- **What you should do**:
Please give the lines below again exactly as they stand, from the one that contains "ウエッジソールサンダル レディース 靴" up to and including the one that contains "紫宣斎は古人の書画をまねて山", leaving all pictures out.
START Extracted data
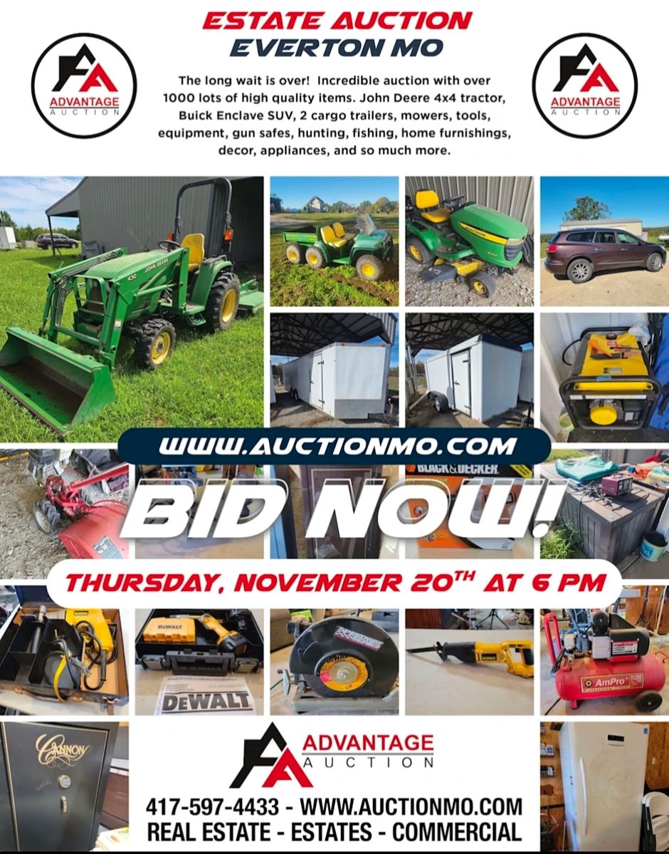 Copy and paste this link, AuctionMO.com . The long wait is over! Incredible auction with over 1000 lots of high quality items. John Deere 4x4 tractor, Buick SUV, 2 cargo trailers, mowers, tools, equipment, gun safes, hunting, fishing, home furnishings, decor, appliances, and so much more
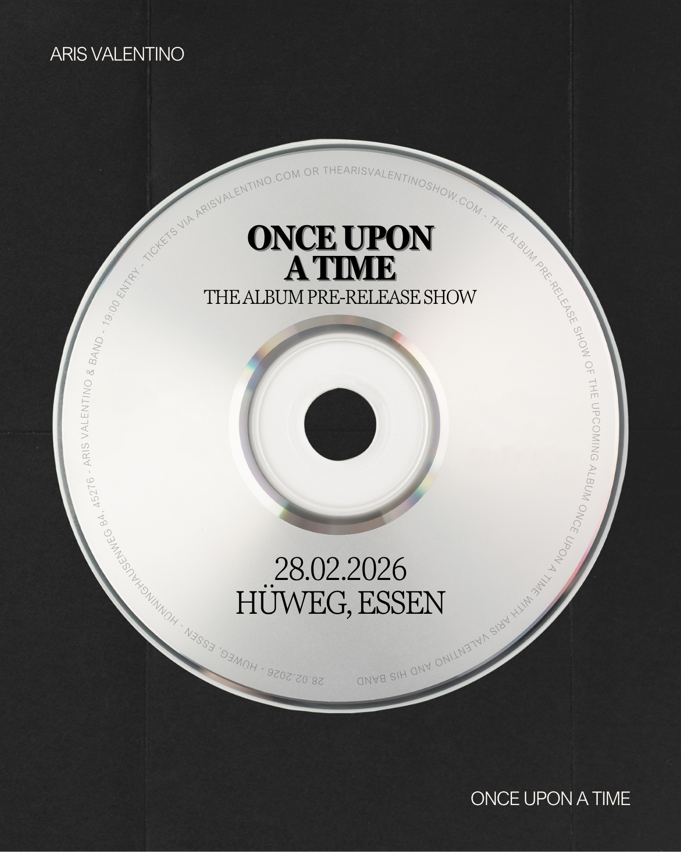 Die Gerüchte sind wahr. Aris Valentino und seine Band sind endlich wieder zurück mit neuer Musik. Und gleich mit einem Album. Once Upon A Time wird erstmals exklusiv am 28.02.2026 im Hüweg in Essen Live präsentiert, mit der Möglichkeit eine Pre-Release Kopie des Albums mitzunehmen. Neue Songs - unveröffentlichtes Material und der erste exklusive Einblick in ein Album, das zu dem Zeitpunkt noch nicht veröffentlicht sein wird.
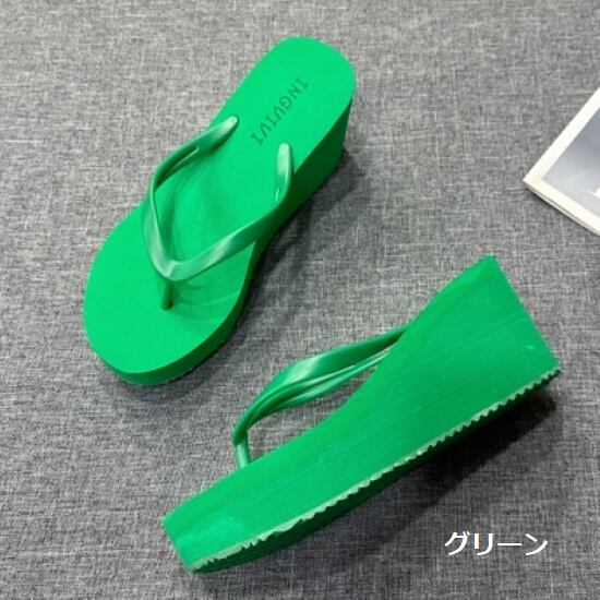 ウエッジソールサンダル レディース 靴 シューズ サンダル 厚底 トングサンダル ビーチサンダル シンプル 無地 ハイヒール 美脚 脚長 カジュアル お出かけ おしゃれ リゾート 夏 ウエッジソール
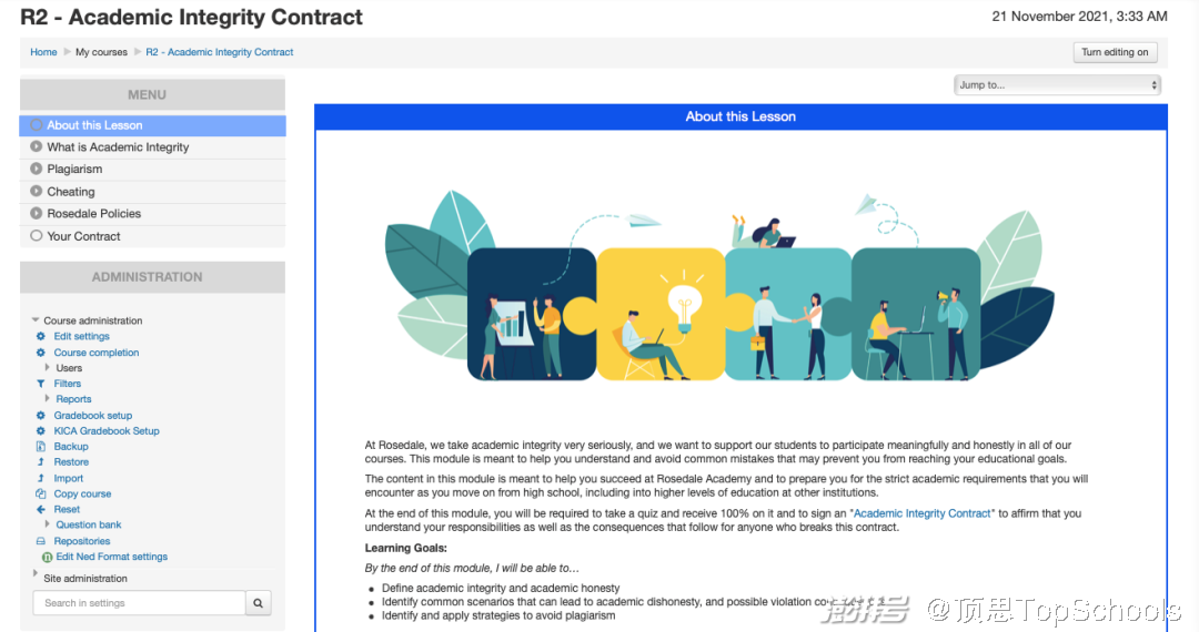 学生在开始学习课程前必须参加学术诚信必修课程,课程向学生阐述学术诚信的含义以及违反学术诚信可能产生的后果;
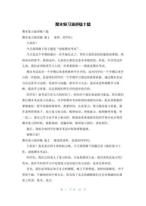 争分夺秒备战期末演讲稿(精选15篇)(实用版)编制人:__________________审核人:__________________审批人:__________________编制单位:__________________编制时间:____年____月____日序言下载提示:该文档是本店铺精心编制而成的,希望大家下载后,能够帮助大家解决实际问题。
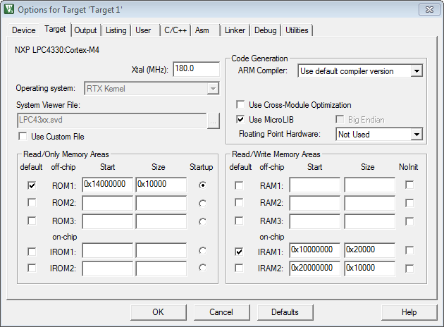 Do not use the first one (for older FRDM boards) and also not the V2.1. Both don't work on the K64F. Using the right one, I see the following in the OPtions for Target dialog window:
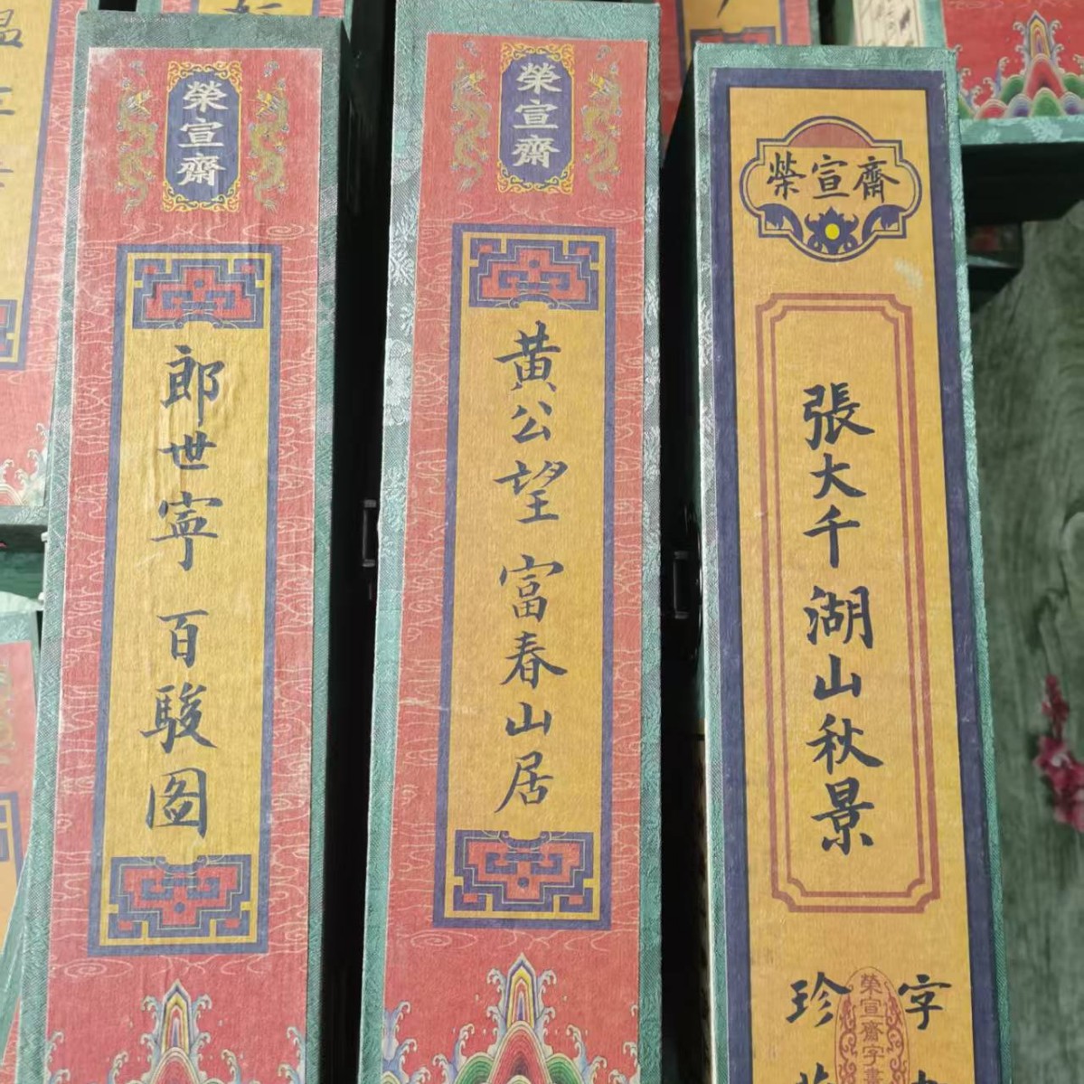 紫宣斎は古人の書画をまねて山水富春山居図の箱入りのシールにロックをかけて古風に書画工芸をします。
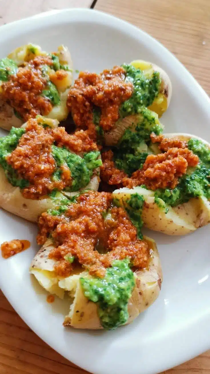 Consiglio: ti consiglio di schiacciare le patate in un piatto a parte e poi coprirle con il mojo Verde e il mojo picon.
END Extracted data
- **Your response**:
 ウエッジソールサンダル レディース 靴 シューズ サンダル 厚底 トングサンダル ビーチサンダル シンプル 無地 ハイヒール 美脚 脚長 カジュアル お出かけ おしゃれ リゾート 夏 ウエッジソール
 学生在开始学习课程前必须参加学术诚信必修课程,课程向学生阐述学术诚信的含义以及违反学术诚信可能产生的后果;
 争分夺秒备战期末演讲稿(精选15篇)(实用版)编制人:__________________审核人:__________________审批人:__________________编制单位:__________________编制时间:____年____月____日序言下载提示:该文档是本店铺精心编制而成的,希望大家下载后,能够帮助大家解决实际问题。
 Do not use the first one (for older FRDM boards) and also not the V2.1. Both don't work on the K64F. Using the right one, I see the following in the OPtions for Target dialog window:
 紫宣斎は古人の書画をまねて山水富春山居図の箱入りのシールにロックをかけて古風に書画工芸をします。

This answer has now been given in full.